ASSIGNMENT: Write out again, exactly as they appear, the lines from the start of the data below through the line with "[B]袋から取り出した3枚の札の最大の番号の期待値の問題"; no pictures.

RECORDS PROVIDED:
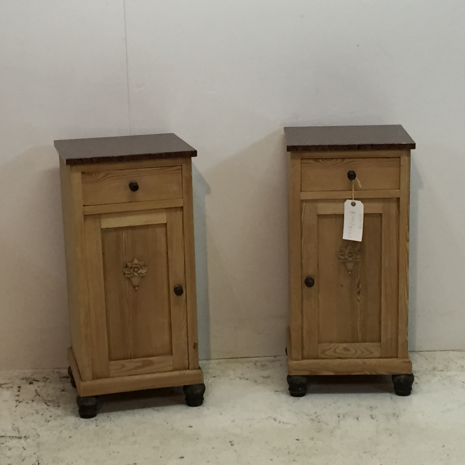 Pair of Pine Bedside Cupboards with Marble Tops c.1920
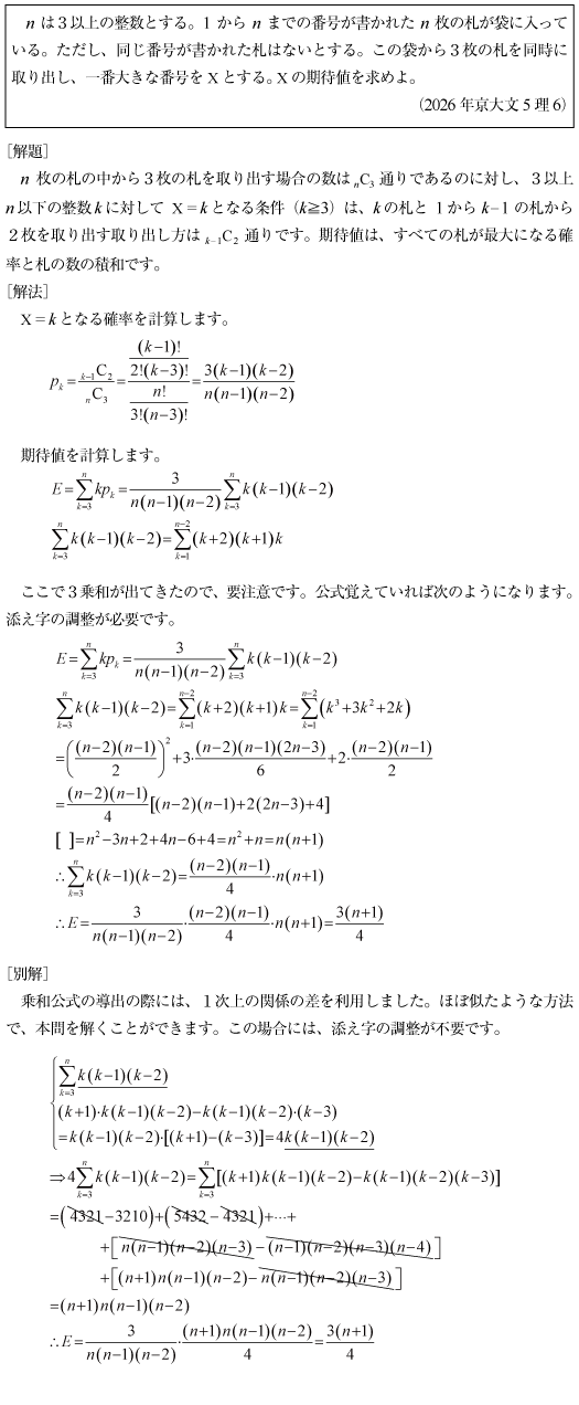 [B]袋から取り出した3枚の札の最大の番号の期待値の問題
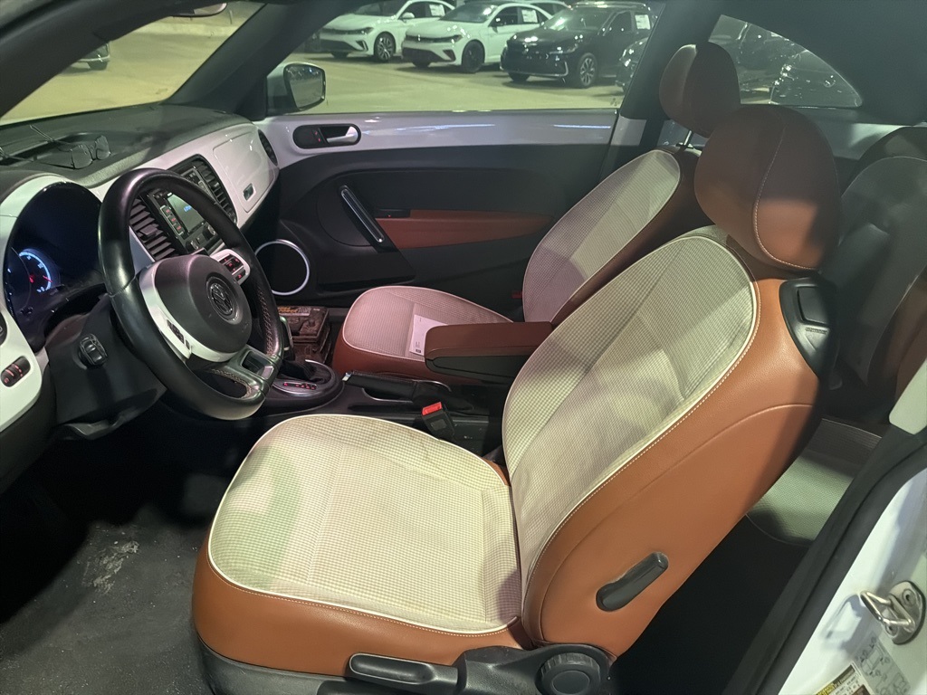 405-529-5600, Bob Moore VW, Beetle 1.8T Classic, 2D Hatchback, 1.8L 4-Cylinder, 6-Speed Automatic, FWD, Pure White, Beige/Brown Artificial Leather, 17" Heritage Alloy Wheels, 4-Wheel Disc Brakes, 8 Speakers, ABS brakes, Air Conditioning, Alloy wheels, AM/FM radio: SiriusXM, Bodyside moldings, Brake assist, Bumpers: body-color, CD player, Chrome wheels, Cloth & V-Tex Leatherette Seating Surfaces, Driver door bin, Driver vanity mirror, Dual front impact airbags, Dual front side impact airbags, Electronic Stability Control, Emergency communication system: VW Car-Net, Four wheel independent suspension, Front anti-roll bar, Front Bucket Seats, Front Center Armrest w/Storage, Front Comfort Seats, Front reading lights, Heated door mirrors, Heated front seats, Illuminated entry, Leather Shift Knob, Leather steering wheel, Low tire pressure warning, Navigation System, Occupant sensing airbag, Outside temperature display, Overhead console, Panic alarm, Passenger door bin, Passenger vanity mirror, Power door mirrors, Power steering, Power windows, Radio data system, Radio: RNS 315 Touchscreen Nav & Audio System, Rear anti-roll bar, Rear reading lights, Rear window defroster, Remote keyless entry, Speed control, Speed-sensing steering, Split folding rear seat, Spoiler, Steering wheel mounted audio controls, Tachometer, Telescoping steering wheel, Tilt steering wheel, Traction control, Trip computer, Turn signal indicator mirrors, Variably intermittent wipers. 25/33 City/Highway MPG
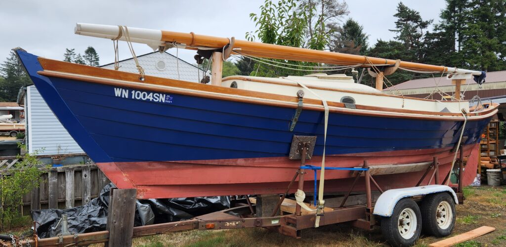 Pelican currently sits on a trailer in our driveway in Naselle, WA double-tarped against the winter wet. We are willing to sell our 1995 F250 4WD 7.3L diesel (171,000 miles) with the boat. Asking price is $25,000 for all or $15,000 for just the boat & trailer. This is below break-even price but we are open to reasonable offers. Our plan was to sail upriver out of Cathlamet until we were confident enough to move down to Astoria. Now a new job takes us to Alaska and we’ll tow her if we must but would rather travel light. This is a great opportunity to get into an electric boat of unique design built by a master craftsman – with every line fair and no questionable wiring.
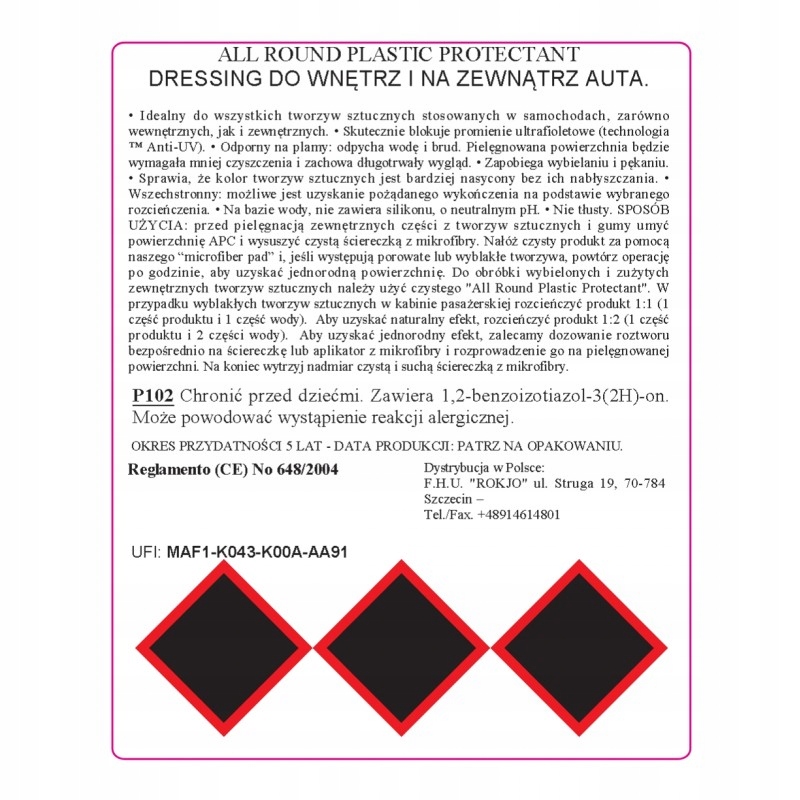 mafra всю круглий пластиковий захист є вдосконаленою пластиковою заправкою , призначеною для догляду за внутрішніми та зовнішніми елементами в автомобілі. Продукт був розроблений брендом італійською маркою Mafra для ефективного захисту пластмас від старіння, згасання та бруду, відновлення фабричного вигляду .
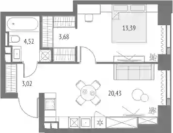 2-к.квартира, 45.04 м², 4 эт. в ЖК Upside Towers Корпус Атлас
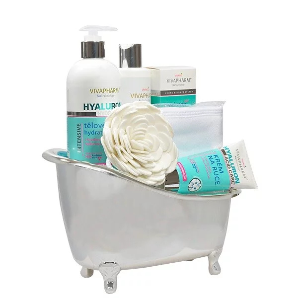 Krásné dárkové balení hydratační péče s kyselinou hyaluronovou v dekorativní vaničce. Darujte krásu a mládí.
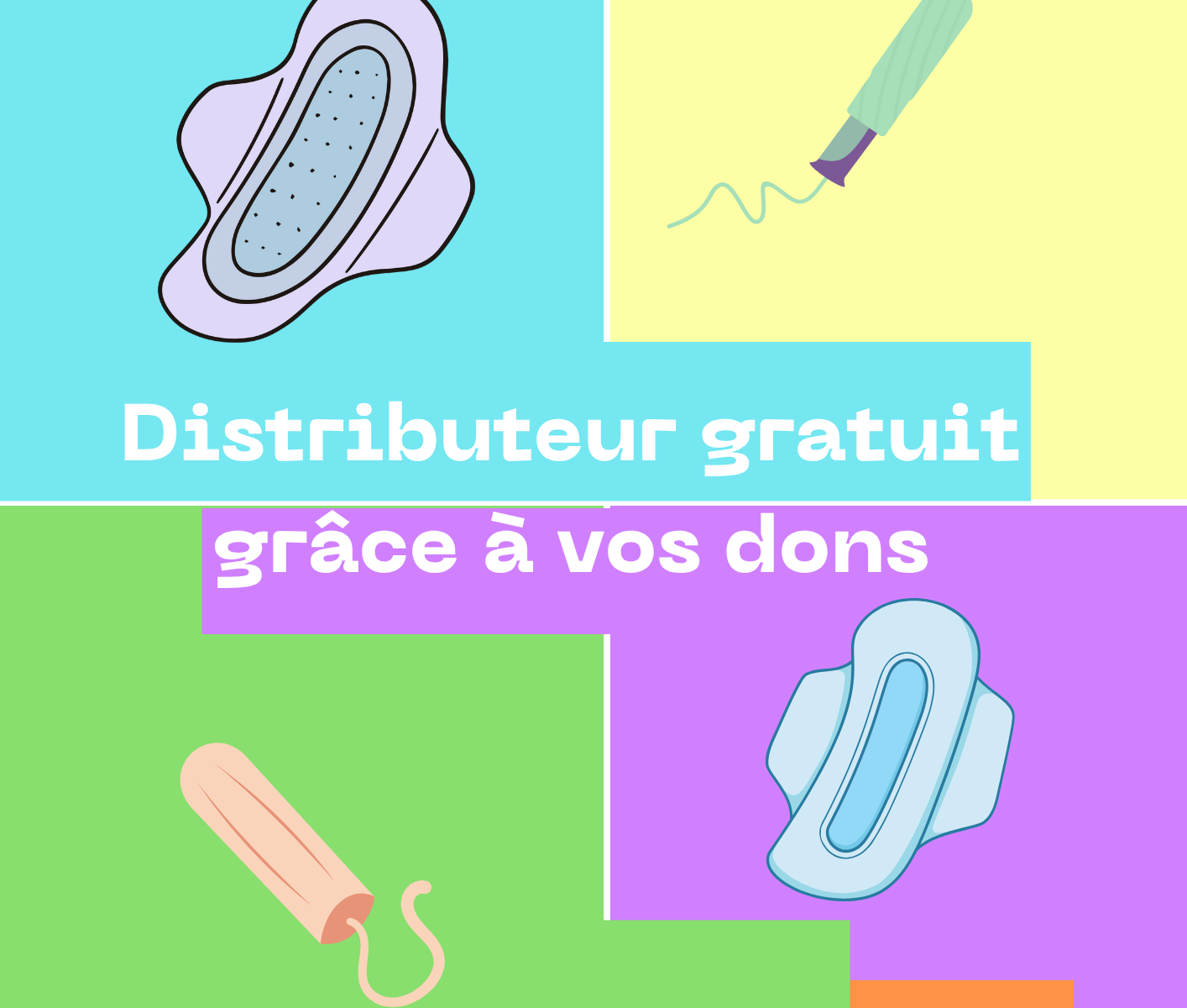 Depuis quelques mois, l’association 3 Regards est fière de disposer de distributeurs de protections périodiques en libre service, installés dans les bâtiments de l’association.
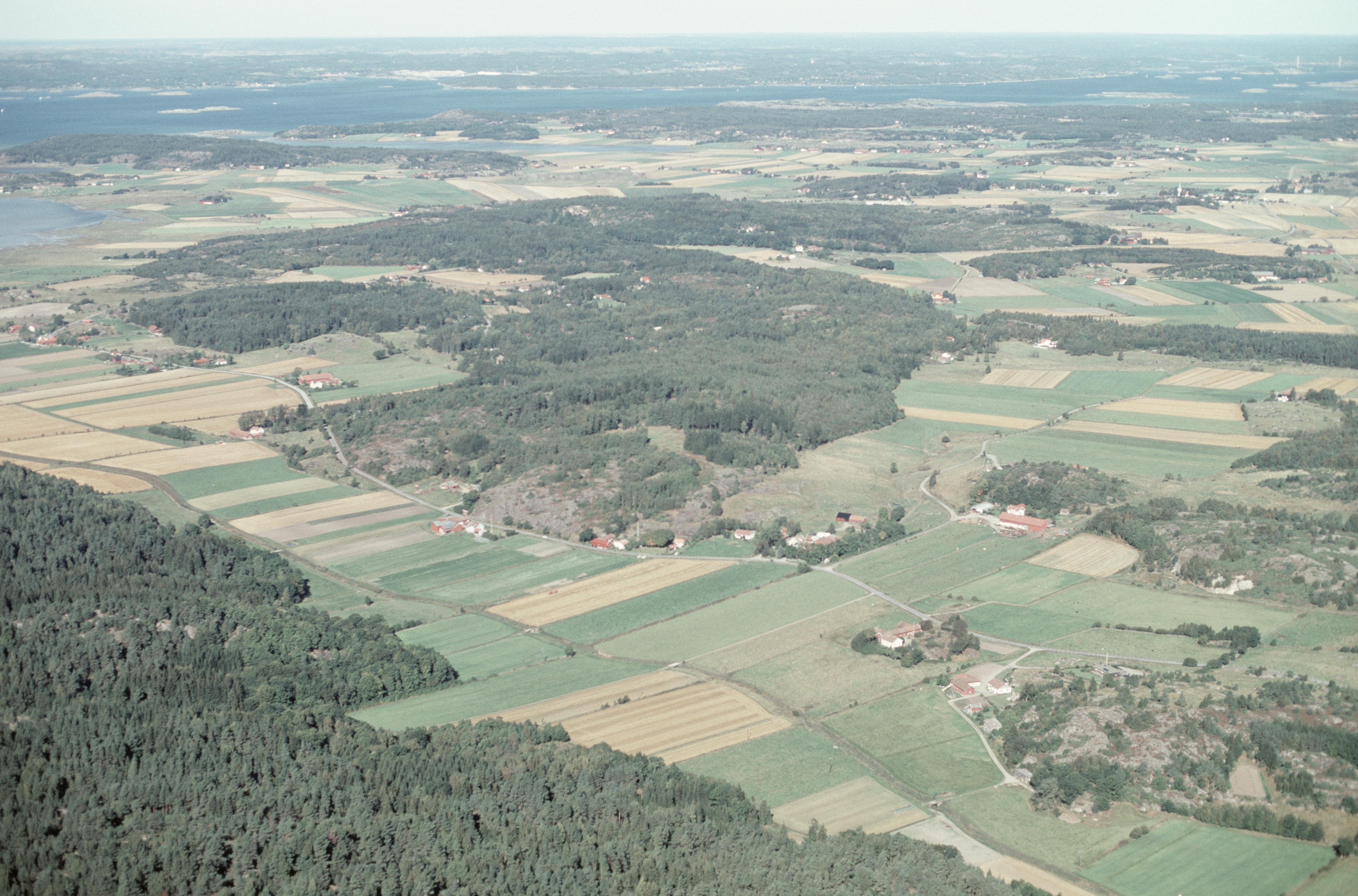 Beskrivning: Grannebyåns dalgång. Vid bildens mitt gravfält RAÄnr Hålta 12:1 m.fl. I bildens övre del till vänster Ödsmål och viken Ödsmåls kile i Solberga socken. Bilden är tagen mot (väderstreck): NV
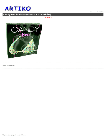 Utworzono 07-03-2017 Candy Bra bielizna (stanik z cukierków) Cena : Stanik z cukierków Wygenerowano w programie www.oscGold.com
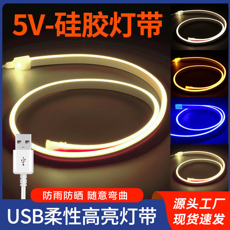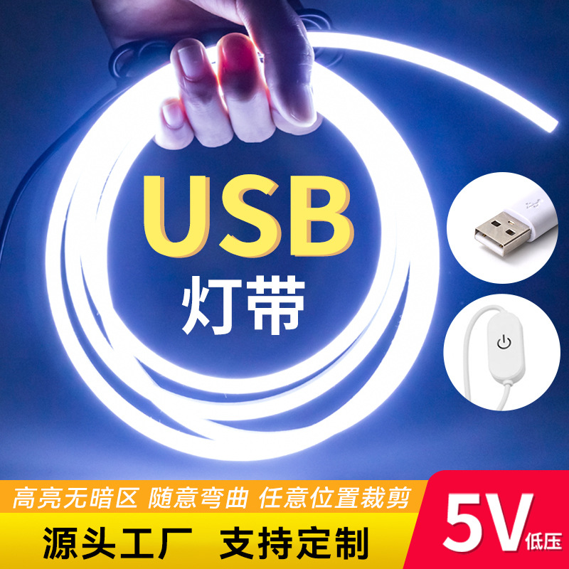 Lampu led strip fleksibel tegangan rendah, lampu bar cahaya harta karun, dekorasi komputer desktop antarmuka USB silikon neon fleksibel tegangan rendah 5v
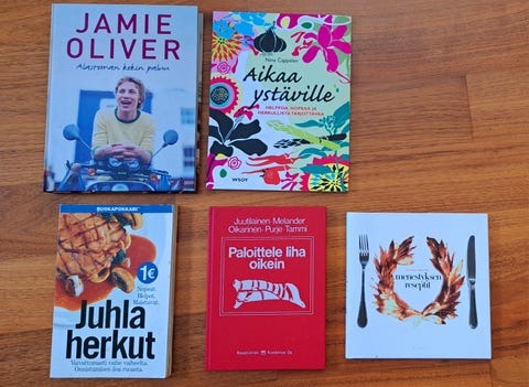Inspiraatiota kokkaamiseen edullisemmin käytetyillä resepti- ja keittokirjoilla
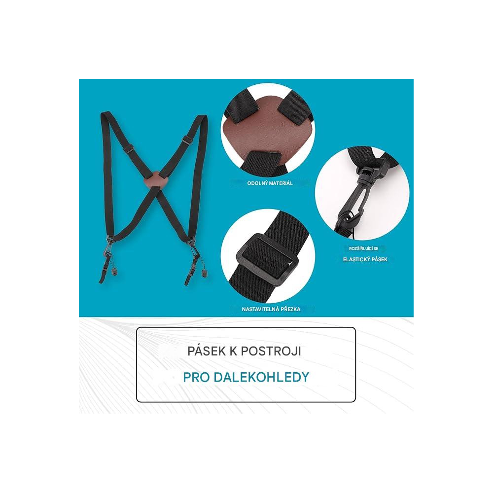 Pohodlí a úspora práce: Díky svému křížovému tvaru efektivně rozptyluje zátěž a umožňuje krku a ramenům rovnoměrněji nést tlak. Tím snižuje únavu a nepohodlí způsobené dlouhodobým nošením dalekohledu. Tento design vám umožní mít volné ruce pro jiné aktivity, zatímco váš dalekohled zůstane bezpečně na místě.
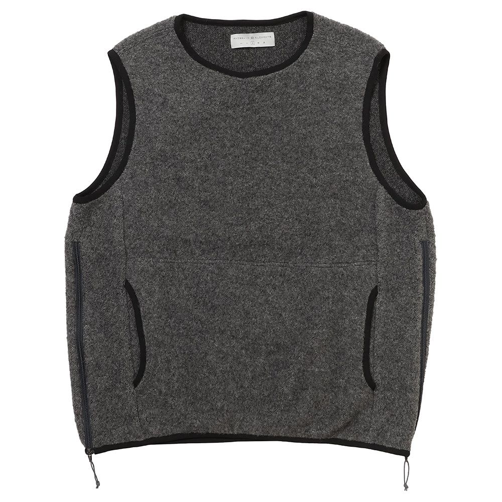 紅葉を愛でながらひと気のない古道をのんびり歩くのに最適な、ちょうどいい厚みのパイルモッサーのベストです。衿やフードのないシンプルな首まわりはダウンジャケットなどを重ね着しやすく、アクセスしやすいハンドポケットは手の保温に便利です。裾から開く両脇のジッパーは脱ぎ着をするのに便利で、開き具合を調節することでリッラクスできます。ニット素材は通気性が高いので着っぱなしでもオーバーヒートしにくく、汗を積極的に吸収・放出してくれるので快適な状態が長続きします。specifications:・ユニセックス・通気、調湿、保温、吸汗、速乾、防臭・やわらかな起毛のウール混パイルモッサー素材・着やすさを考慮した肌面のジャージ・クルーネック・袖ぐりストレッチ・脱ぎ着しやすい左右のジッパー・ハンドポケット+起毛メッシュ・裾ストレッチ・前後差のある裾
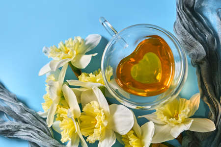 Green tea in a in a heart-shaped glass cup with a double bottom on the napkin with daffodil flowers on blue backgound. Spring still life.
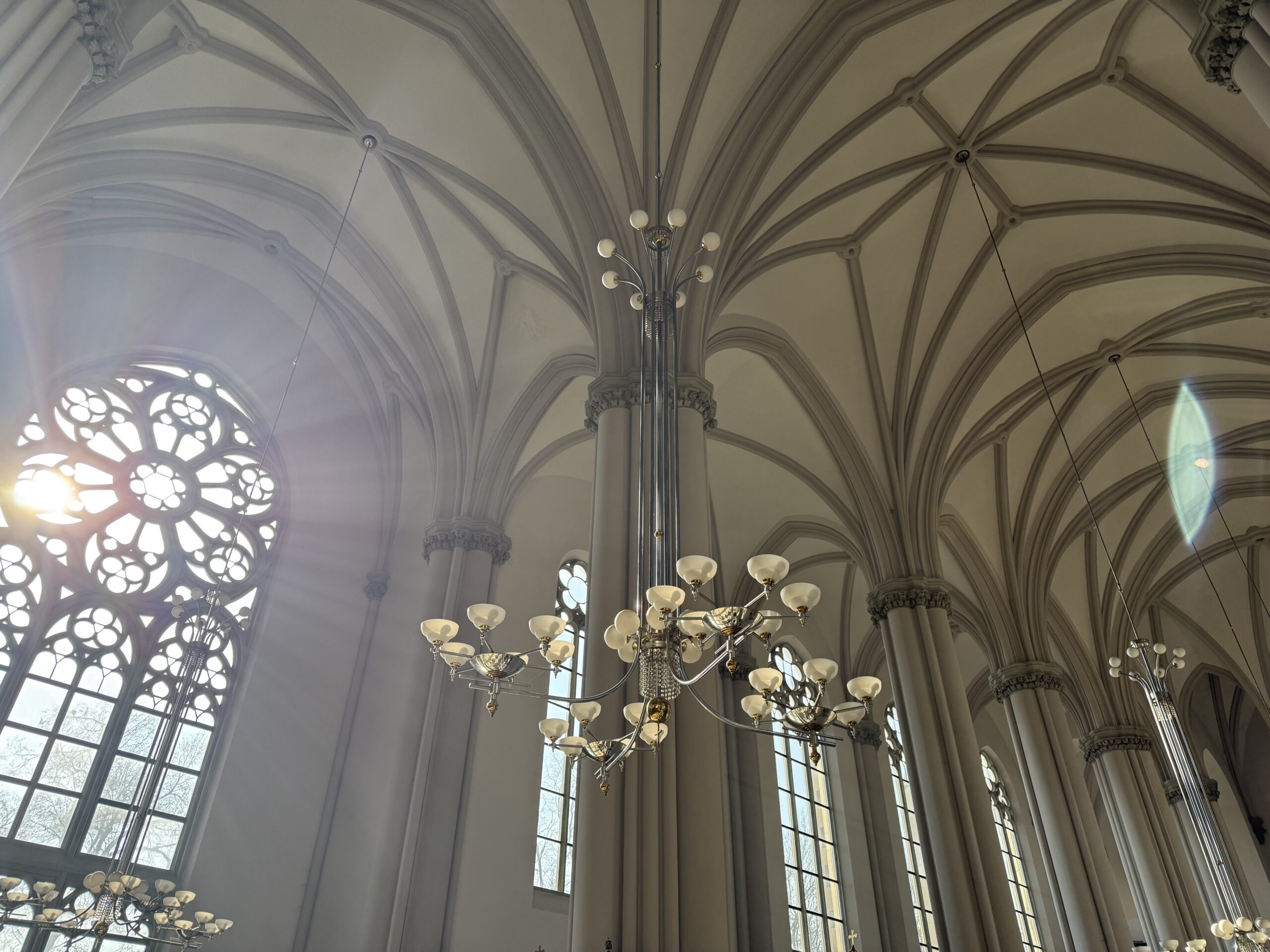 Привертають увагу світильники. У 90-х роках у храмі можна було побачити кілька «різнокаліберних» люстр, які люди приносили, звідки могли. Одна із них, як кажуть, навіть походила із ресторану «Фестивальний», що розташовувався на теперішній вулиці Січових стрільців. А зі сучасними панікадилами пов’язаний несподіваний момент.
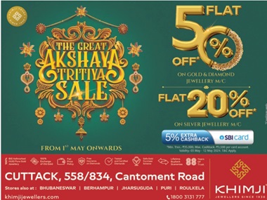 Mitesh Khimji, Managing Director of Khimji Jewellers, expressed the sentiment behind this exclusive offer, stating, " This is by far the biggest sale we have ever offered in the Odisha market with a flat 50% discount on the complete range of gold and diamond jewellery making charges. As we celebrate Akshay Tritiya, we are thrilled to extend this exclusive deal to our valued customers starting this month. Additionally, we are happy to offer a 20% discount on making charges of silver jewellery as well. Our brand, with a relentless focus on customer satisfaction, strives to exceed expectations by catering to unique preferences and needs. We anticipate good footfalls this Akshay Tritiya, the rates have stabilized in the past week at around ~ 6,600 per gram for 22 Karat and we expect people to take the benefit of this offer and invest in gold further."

EXERCISE SOLUTION:
 Pair of Pine Bedside Cupboards with Marble Tops c.1920
 [B]袋から取り出した3枚の札の最大の番号の期待値の問題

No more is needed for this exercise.